Encrypted email just looks like a huge block of garbage text. Since we have the emails, and we can read them, then obviously they aren't encrypted.

It's possible to use stegonogrphic (sp?) technics to hide a coded message in a much longer block of text, but that requires special software. Since the article says the terrorists used public computers (Kinkos, etc) then they couldn't have used this software.
posted by y6y6y6 at 2:51 PM on October 1, 2001

Even if the terrorists were using some sort of encryption, should that give anyone a right to ban it? Is anyone considering a ban on pig latin?

People have told me in the past few days that I shouldn't worry about my rights to encryption if I don't have anything to hide, but that's not even remotely the point. The fact that I have to utilize encryption just to retain a modicum of "privacy" is. In the age we live in it has become practically impossible to lead a normal private life. The fact that no one cares to eaves drop on my private life because I am not a celebrity doesn't change the fact that the opening is there. Just because no one is watching doesn't mean I won't draw the shades when I change my clothes.

Sorry I can't squeeze any more bad metaphors in there.
posted by Jeffy at 3:00 PM on October 1, 2001

Jeffy nails it, but at the same time this isn't going to slow down the DoJ's attempts at key escrowing or even crypto bans. I find that the bills Ashcroft has been pimping lately have nothing to do with terror but opportunism.

Ashcroft was on TV last night [face the nation?] warning about more terrorist attacks. Right now I cannot tell if this is more FUD to push his legislation or a true assessment of the situation.

Considering there are no bills to let more people (who can with limited impact on their work) work from home or avoid other ways of being trapped in a building 9-5 I find the DoJ to be highly disingenuous and to have failed the public in the aftermath of a very serious situation.
posted by skallas at 4:00 PM on October 1, 2001

shouldn't worry about my rights to encryption if I don't have anything to hide

Well, I do have things to hide. My credit card number, for one thing! Sheesh. People.
posted by kindall at 4:43 PM on October 1, 2001

Doesn't matter. Why? Because most people in Congress can't even spell "encryption" let alone understand what it means. Encryption in the U.S. is dead and buried after 9-11 and it gives the Ashcrofts of the world yet another opportunity to burn the Fourth Amendment.

Time for me to register that Hushmail account.
posted by zeb vance at 8:40 PM on October 1, 2001

Oh but remember:"Something must be done" and probably for "the children".
posted by jackiemcghee at 10:18 PM on October 1, 2001

Let`s try this analogy on for size.

The terrorists probably did use a very sophisticated form of encryption that, despite a certain backdoor, no computer can crack; they spoke in Arabic (or at least they were able to). The CIA/FBI have admitted they don`t have much in the way of people who speak Arabic, so this pretty much hangs their ability to monitor communications between terrorists.
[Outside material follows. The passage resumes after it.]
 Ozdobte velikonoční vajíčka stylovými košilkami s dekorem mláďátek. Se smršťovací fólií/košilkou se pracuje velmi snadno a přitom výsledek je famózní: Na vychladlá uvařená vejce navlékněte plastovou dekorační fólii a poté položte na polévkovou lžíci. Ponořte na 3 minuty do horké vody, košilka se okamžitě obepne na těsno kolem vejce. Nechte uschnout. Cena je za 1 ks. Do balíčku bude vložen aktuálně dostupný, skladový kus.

Is using a foreign language that much different than using PGP? The U.S. used Hopi (I think) to handle secret transmissions during Vietnam. Am I no longer going to be allowed to talk to people in a language other than English because it is a form of encryption?

What about using code words? Maybe "I`m really looking forward to the new Harry Potter movie" to mean "I have new information about our plan."
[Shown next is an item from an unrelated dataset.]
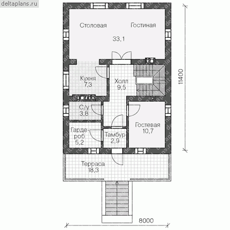 Проект одноэтажного коттеджа "Европа КД" из газобетона

To sum up: Banning encryption = passing laws to create the appearance of action instead of to do good for people.
posted by chiheisen at 10:25 PM on October 1, 2001

Encrypted email just looks like a huge block of garbage text. Since we have the emails, and we can read them, then obviously they aren't encrypted.

Ummm, no.

What we have is a press release from the Feds that the stenographers at USAToday obligingly passed along to us.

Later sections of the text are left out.